Sentiment Analysis
According to Wikipedia, sentiment analysis (also known as opinion mining) is applied to language and text to systematically identify, extract, quantify and study affective states and subjective information. Sentiment analysis is widely applied to customer reviews, survey responses and social media across many industries. Wikipedia adds that a fundamental task in sentiment analysis is classifying the polarity of language and text as either positive, negative, or neutral. Advanced sentiment analysis goes beyond polarity to analyse emotional states such as enjoyment, anger, disgust, sadness, fear and surprise.
This vignette demonstrates both polar and advanced sentiment analysis. The data set consists of responses from 86 employees in a state government department. The following analysis explores employee sentiment and emotional states as they experienced a divisional restructure within their department.
One of the first steps in sentiment analysis is understanding the impact of negated words on sentiment. For example, individuals can express the opposite meaning of a particular word by inserting or using a negation. Negations are words like no, not, and never. In sentiment analysis, this becomes important because a word may be interpreted positively when the expressed sentiment is the exact opposite. For example, the word “good” has a positive sentiment; however, when negated by “not good”, the sentiment for “good” becomes negative.
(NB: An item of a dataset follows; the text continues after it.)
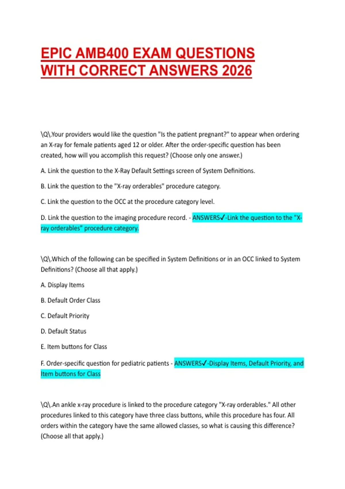 \Q\.An ankle x-ray procedure is linked to the procedure category "X-ray orderables." All other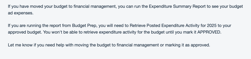 ISSUE: HOW DO I PRINT MY FY2025 BUDGET AND TO SHOW EXPENDITURES TO DATE?

After actioning the potential impact of negated words on sentiment, tidied raw text, removed stop words, and lemmatised similar words. A bar chart visualises the frequency of keywords used by government employees to describe the restructure.
For brevity, this vignette focuses on implementing one sentiment dictionary from several options available. Popular sentiment lexicons include AFINN, Bing, Loughran McDonald and NRC. In this example, NRC will be implemented. Before doing so, all four sentiment lexicons are compared based on the order of words and the timeline of respondent comments.
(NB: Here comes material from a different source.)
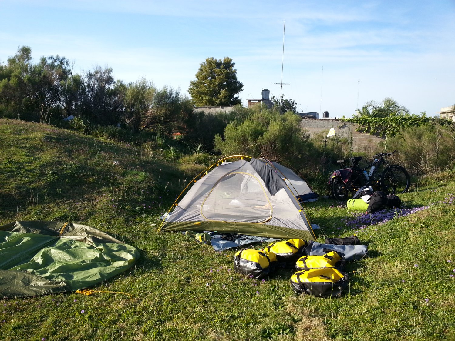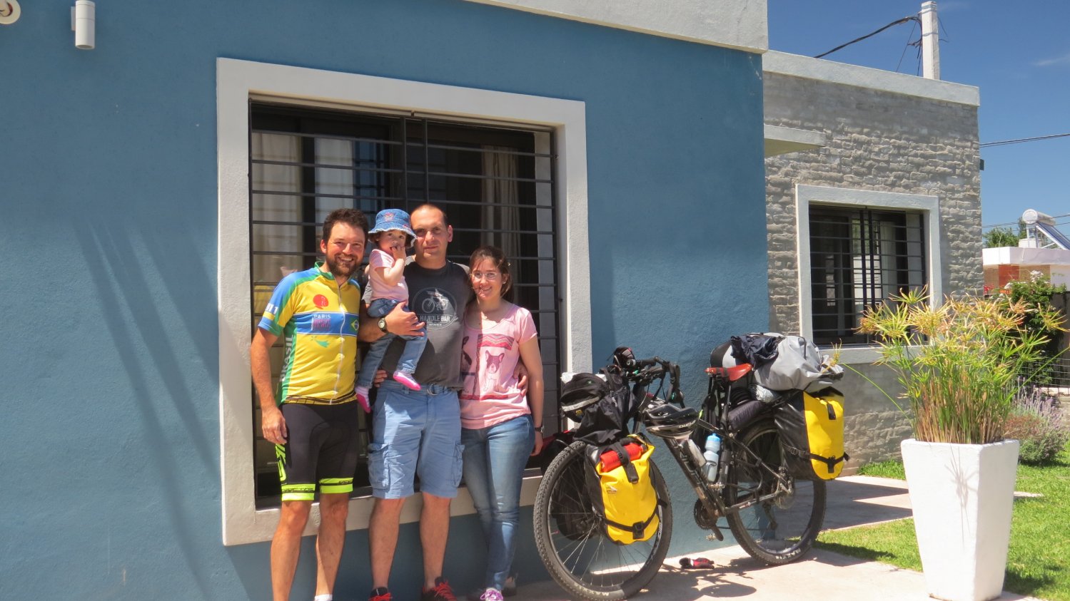 Na minha próxima parada, em Dolores, eu consegui um contato pelo coushsurfing quando fiz meu planejamento antes de sair de Colonia del Sacramento, cheguei na cidade relativamente cedo naquele dia, lembro apenas de ter saído um pouco tarde de Carmelo, parei para almoçar no meio do caminho, quando cozinhei um arroz acompanhado das ervilhas frescas em um ponto de ônibus e cheguei ao meu destino com luz do dia ainda. Achar a casa da família que me recebeu foi fácil, a cidade é pequena e com ruas paralelas, ao chegar na casa fui recebido por Pablo e Mariana e também por sua filhinha Paula, Pablo estava curioso quanto a minha viagem, aproveitamos para tomar um mate enquanto eu explicava para ele todo o trajeto que tinha feito e pretendia fazer, a bicicleta e a minha motivação para realizar essa viagem, ele me explicou que estava no coushsurfing porque gostava do espirito de viajante e que receber viajantes em sua casa era uma forma de conhecer diferentes culturas. No dia seguinte enquanto eu arrumava minhas coisas para seguir viagem, Pablo e Mariana receberam um casal de amigos e sua pequena filha igualmente curiosos com a minha bicicleta totalmente carregada, depois de conversarmos um pouco, Pablo me deu algumas dicas de onde poderia passar a noite e também uma dica muito importante em relação onde trocar dinheiro ao entrar na Argentina pela ponte de Fray Bentos a Gualeguaychú.

NRC assigns a word into sentiment categories of positive, negative, anger, anticipation, disgust, fear, joy, sadness, surprise and trust. It is noted that words can sometimes fit into more than one category of emotional state. For example, the word “improvement”, apart from being “positive”, is also categorised as “trust” and “joy”.
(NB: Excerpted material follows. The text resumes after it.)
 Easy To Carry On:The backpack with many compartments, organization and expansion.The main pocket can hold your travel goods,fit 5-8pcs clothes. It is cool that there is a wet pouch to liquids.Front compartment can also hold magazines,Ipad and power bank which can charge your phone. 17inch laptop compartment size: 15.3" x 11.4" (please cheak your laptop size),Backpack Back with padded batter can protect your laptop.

Another important issue in sentiment analysis is understanding the context in which words are used. This is specific to each data set. For example, the word “tender” is categorised as “positive” and “joy”. In contrast, in a medical environment, the word “tender” is “negative” when associated with pain. Potential conflicts in sentiment specific to this corpus were considered during implementation.
This vignette aims to explore employee sentiment from two perspectives. First, from a macro perspective on the corpus (all documents), and second, from a micro perspective on individual documents to gain greater insight.
The potential impact of 10 negated terms on sentiment was conducted. Chart 1 shows the prevalence of six negated terms in the corpus. Due to the low frequencies and, in some cases, adjoining stop-words, the impact of negation on sentiment in this data set was considered low.
The choice of the lexicon is another consideration when handling negations in sentiment analysis. For example, the AFINN lexicon assigns each word a ranking between -5 and +5, indicating the degree of negative or positive sentiment, respectively. Chart 2 shows the results of analysing negated terms with AFINN to arrive at a weighting by frequency score.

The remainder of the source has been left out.